Kolkata, capital city and tourism hub of Indian state of West Bengal, is modern India’s most historic metropolis and highly
visited tourist destination. Kolkata tourism revolves around religiously significant temples, British-era historical monuments, Durga Puja, wildlife, pilgrimage etc.
A few kilometres off the centre of the city of Kolkata, in a suburb called Barisha, live the descendants of the man who sold Kolkata to East India Company for a price of twelve hundred rupees! The seller was one Sabarna Roy Choudhury, a land lord, and the buyer, on behalf of the Company, was Mr. Job Charnock. The transaction took place on November 9, 1695. The history of the city of Calcutta is relatively recent, since the city has existed as such only since 1690. It was on that date, on the 24th of August, exactly that Job Charnock, an official of the British India Company, received permission to build a factory in Sutanati. In 1698 the Company obtains the right to collect property taxes on the cities of Sutanati, Kalikata and Govindapur. On this occasion the three cities were united in a single baptized Calcutta. In 1717, taking advantage of the weakening of the Mughal empire, the Company obtained trade rights over Bengal. In 1735 the population of Bengal was 100,000. The Company became the Zamindar over three villages, Kalighat, Govindpore and Sutanati. Charnock had arrived there a few years back and founded a factory at Sutanati in 1690.

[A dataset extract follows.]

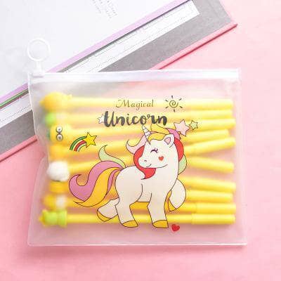 We all need a little whimsy. Let's add some freakin' unicorns to the mundane! Each 10 pack of gel ink pens comes with an assortment of fun characters in a PVC case to keep your little buddies safe.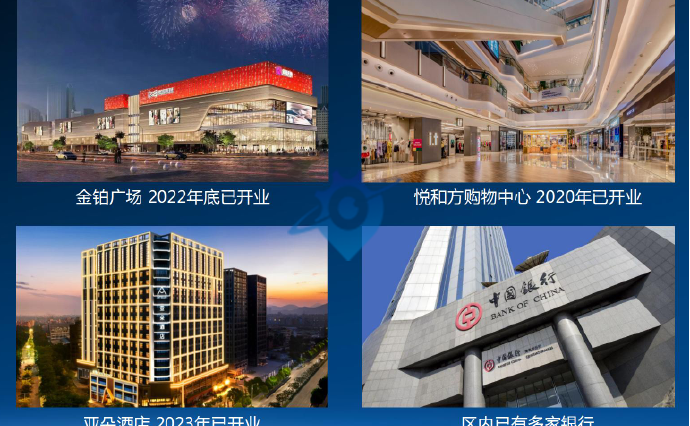 名品奥莱、国际五星级酒店在建金铂广场、悦和坊、亚朵酒店等商业配套繁华银行、超市、公寓、公园等一应俱全企业科技创新平台、政务服务平台等公共服务成熟

Historians do not credit Charnock with much talent, but they agree that he was a brave man. One day, on the outskirts of an Indian town, Charnock had to pass by a solemn crowd. A funeral pyre was under preparation – not only for a young man who was dead but also for his wife who was alive and beautiful. Charnock stood for a while charmed by the sad beauty. Then he took recourse to a daring move. He advanced and took hold of the young Lady and told her in a broken native tongue, “You are not meant to die now. Come away”. The young lady was perhaps in no mood to understand much, just as she was in no mood to die. She stood up, dazed and walked away with the Sahib. She might have taken long to realize that her saviour was no supernatural being, but the Agent of the East India Company. The villagers too were not likely to have grasped the situation instantly. By the time they woke up to its import, the touch of the lady had awakened the chivalrous in Charnock. He brandished his sword and scared away the unarmed enforcers of Sati. And Charnock and the lady were married and lived happily thereafter!
By 1716 a full-fledged English bastion, Fort William, had been built—indicative of the Company's design not to remain as mere traders but become rulers in course of time. In 1717 the Company obtained from the Mughal Emperor its right of free trade in Bengal for an annual payment of three thousand rupees only. The name Kalighat after an ancient and famous temple dedicated to Goddess Kali had by then become Kolkata. As a centre of trade; Kolkata grew rapidly and had a population of 100,000 by as early as 1735. Its shipping amounted to more than ten thousand tons around that time. In 1756, Siraj-ud-daulah, the Nawab of Bengal, annoyed at the Company's policy of expansion, invaded Kolkata and defeated the Company's army. But he neglected the city. Consequently, the Company, under Clive's leadership, recaptured it in January 1757.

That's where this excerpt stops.